For instance, the common grouse is that medical devices are being judged by the same yardstick as medicines. The recently formed Medical Technology Association of India (MTaI), which comprises the likes of Johnson & Johnson, Bausch & Lomb, Smith & Nephew, C R Bard, Terumo, Boston Scientific and Vygon, has pointed out that globally, most orthopaedic implants are granted a shelf life of 10 years, a time period supported by bio-material evidence. But the draft rules dated October 17, have included all medical devices, including orthopaedic implants, under a common five year shelf life. Is this mere oversight on the part of the Drugs Technical Advisory Board (DTAB), or have they decided to play safe?

Another instance where the MTaI says that the Indian regulator is being unreasonable is on the process of putting Unique Device Identifiers (UDIs) on medical devices. While this is being rolled out as per the classification of the device in a stage-wise manner in the US and EU, the two major markets of the world, the draft medical device rules mandate that every medical device should have a UDI from 2017 in India. The association has pointed out that it will not be feasible to do so only for products being exported to India.

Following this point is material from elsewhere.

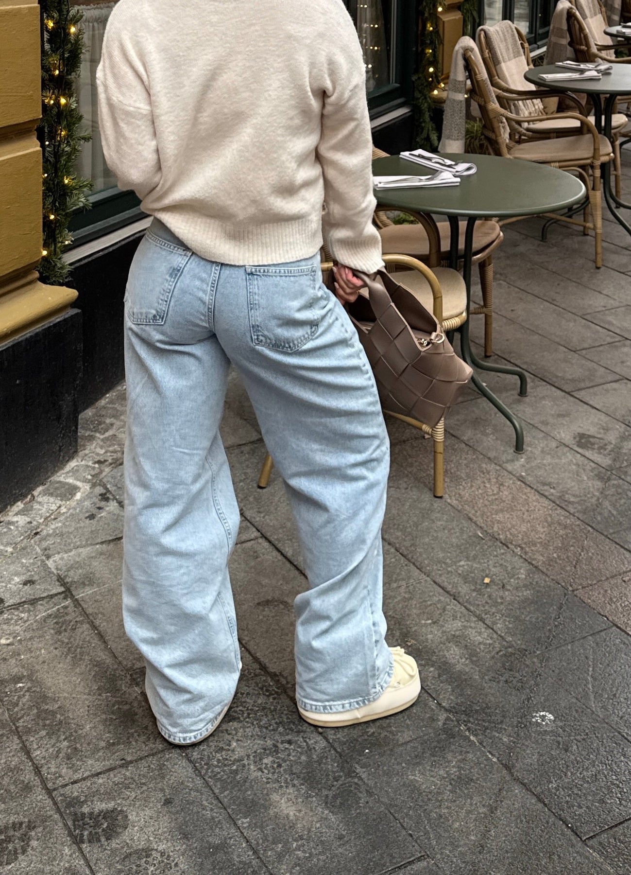 Disse lyseblå jeans er et must-have i enhver garderobe. Med deres afslappede, løstsiddende pasform og klassiske denimvask kombinerer de cool streetwear vibes med tidløs stil. Den høje talje og de brede ben skaber et flatterende og moderne snit, der passer perfekt til både hverdag og mere dressed-up looks. Style dem med en simpel tanktop og cardigan for et casual, effortless outfit.

A third grouse is that while the initial notifications allowed all medical devices to put the manufacturing date and physical manufacturer’s address on the label prior to distribution in India, the new draft bill now requires that these details have to be added at the time of manufacturing. This is an unprecedented change from global norms, according to the MTaI.

Previous drafts of the medical devices regulations have been branded as protectionist of local manufacturers but in this case, the Association of Indian Medical Device Industry (AIMED) has called it “an assault on the ‘Make in India’ programme as they will “legalise pseudo manufacturing, result in closure of domestic manufacturing and drive jobs out of India.”

While the Ministry of Health & Family Welfare welcomes comments on the draft, it clearly has its own mind. It might relax some rules but both industry lobbies would do well to not take the Ministry for granted.

The Health Ministry’s stance with all segments of the sector has been very tough. For example,  more medicines have been brought under price control in the past year. Therefore medical device manufacturers cannot expect a lenient line.

This stance is quite understandable. After all, the Health Ministry faces the tall task of providing quality healthcare, medicines and medical devices to every Indian citizen, on a very tight budget.

Just how tall a task it is was illustrated in a recently released report in The Lancet on the progress of 188 countries on 33 of the 47 health-related SDG indicators. India ranks a low 143, ahead of Pakistan (149th) and Bangladesh (151st). While Iceland topped the ranking, followed by Singapore and Sweden, the US came 28th, an indicator that bigger economies need not necessarily have more efficient health systems. The buzzword is efficiency, doing more with less,  measuring progress against health indicators and continuous benchmarking.

Clearly, we in India have a long way to go but we have already taken the first step. An recent study done by researchers at IIM Ahmedabad, titled ‘Development of a Health Index of Indian States’, ranks 21 Indian states on a unique outcome:input matrix which does not just show their relative status, but also indicates which ones are performing better with lesser resources (inputs) as well as those unable to utilise resources optimally. So while Kerala ranks first on outcome variables, followed by Maharashtra, the input variables chart is topped by UP, followed by Bihar. Maharashtra, Tamil Nadu and Andhra Pradesh bag the top three positions on the outcome-input matrix. The authors plan to make this an annual exercise, and include more states next time, hoping that the government will use this matrix to identify focussed policies for further work.

As we start the countdown to the second edition of Healthcare Sabha, due in February 2017, we will  take forward our agenda. While the first edition identified India’s public health-related crises areas, our 2017 edition will focus on getting thought leaders to build a ‘Manifesto for a Healthy India’. We will use evidence-based methods to discover excellence models which will achieve equity in health for all citizens of India. Come, help us make this a reality.

Viveka Roychowdhury
Editor

[email protected]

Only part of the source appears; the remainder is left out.